§ **Record excerpts**
........

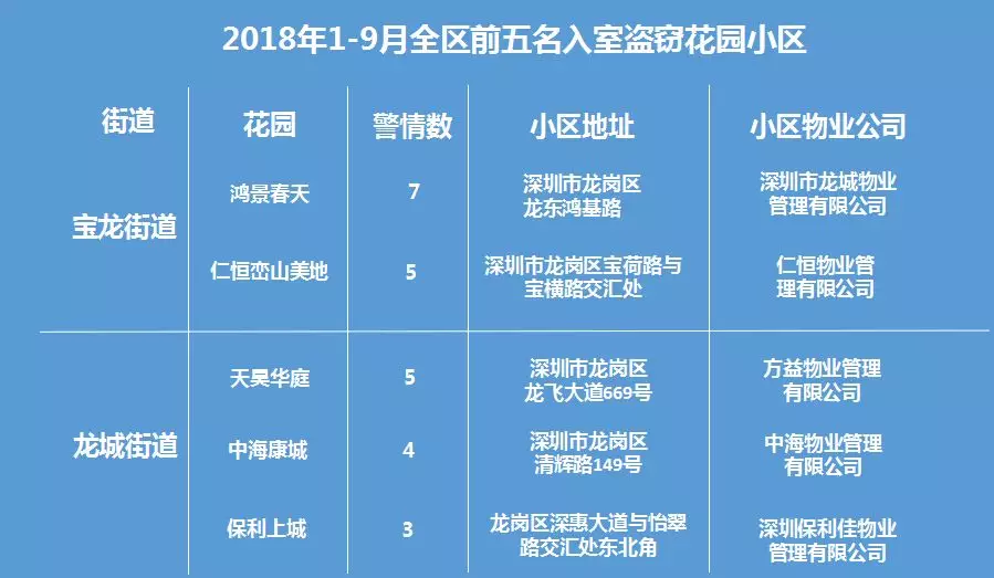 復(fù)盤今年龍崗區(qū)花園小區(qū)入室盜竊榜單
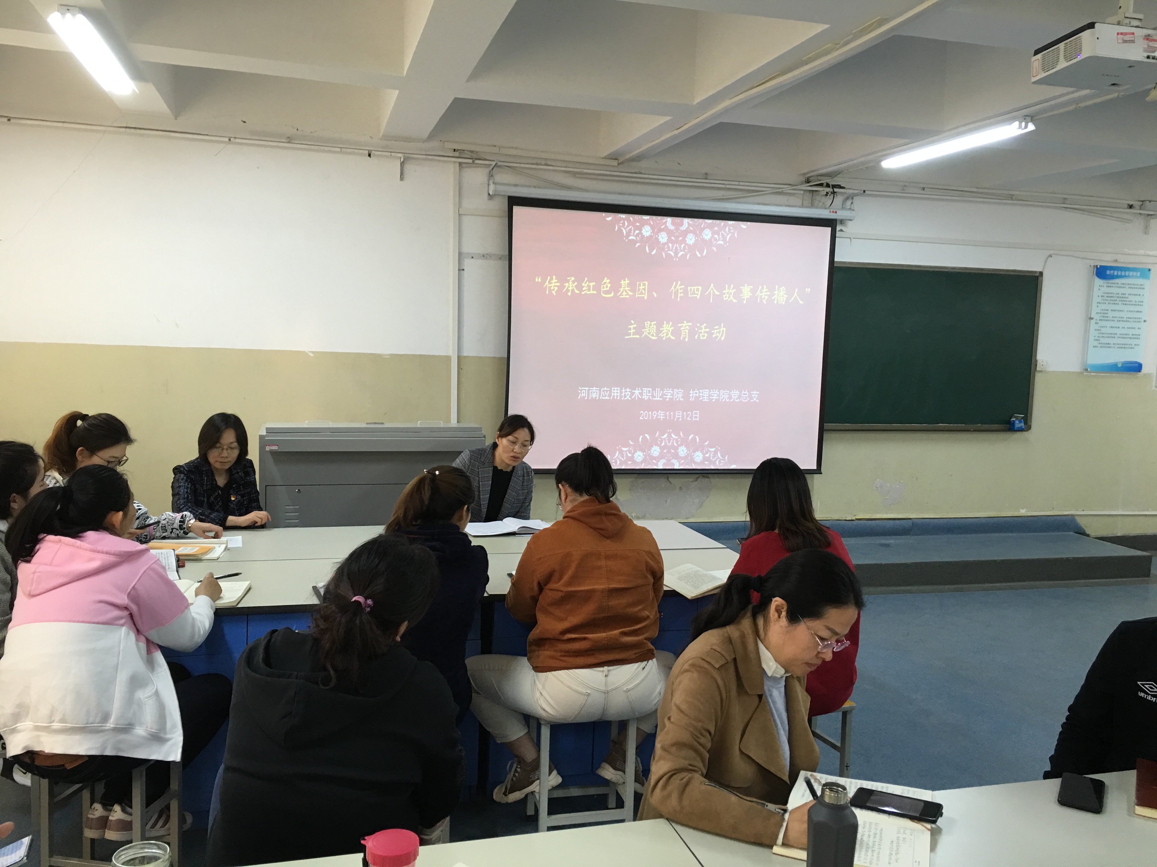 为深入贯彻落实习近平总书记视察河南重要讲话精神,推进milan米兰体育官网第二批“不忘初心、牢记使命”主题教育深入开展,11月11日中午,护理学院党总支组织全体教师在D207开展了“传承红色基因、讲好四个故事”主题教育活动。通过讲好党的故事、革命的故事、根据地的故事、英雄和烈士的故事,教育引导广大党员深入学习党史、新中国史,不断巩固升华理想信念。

........

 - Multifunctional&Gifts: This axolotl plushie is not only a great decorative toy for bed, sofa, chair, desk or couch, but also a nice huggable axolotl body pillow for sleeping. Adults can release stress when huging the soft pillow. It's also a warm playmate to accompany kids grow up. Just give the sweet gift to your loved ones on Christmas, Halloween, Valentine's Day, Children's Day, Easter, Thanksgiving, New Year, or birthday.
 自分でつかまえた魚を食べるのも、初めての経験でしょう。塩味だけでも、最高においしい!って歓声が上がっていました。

........

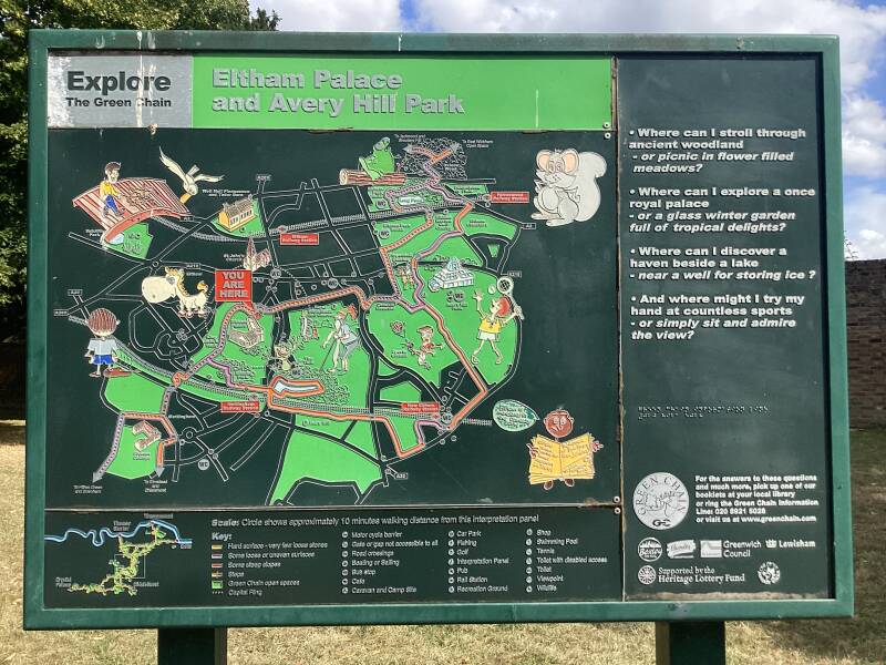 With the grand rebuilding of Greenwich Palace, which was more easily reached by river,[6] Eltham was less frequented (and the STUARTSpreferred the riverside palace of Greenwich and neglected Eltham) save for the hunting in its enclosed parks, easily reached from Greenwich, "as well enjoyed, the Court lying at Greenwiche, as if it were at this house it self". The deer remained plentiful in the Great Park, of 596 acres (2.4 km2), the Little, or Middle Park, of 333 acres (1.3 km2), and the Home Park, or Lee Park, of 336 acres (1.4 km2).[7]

........

§ **Brief**
Set the pictures aside and retype exactly the lines above from the line with "復(fù)盤今年龍崗區(qū)花園小區(qū)入室盜竊榜單" to the line with "为深入贯彻落实习近平总书记视", both included, adding no others.

§ **Result**
 復(fù)盤今年龍崗區(qū)花園小區(qū)入室盜竊榜單
 为深入贯彻落实习近平总书记视察河南重要讲话精神,推进milan米兰体育官网第二批“不忘初心、牢记使命”主题教育深入开展,11月11日中午,护理学院党总支组织全体教师在D207开展了“传承红色基因、讲好四个故事”主题教育活动。通过讲好党的故事、革命的故事、根据地的故事、英雄和烈士的故事,教育引导广大党员深入学习党史、新中国史,不断巩固升华理想信念。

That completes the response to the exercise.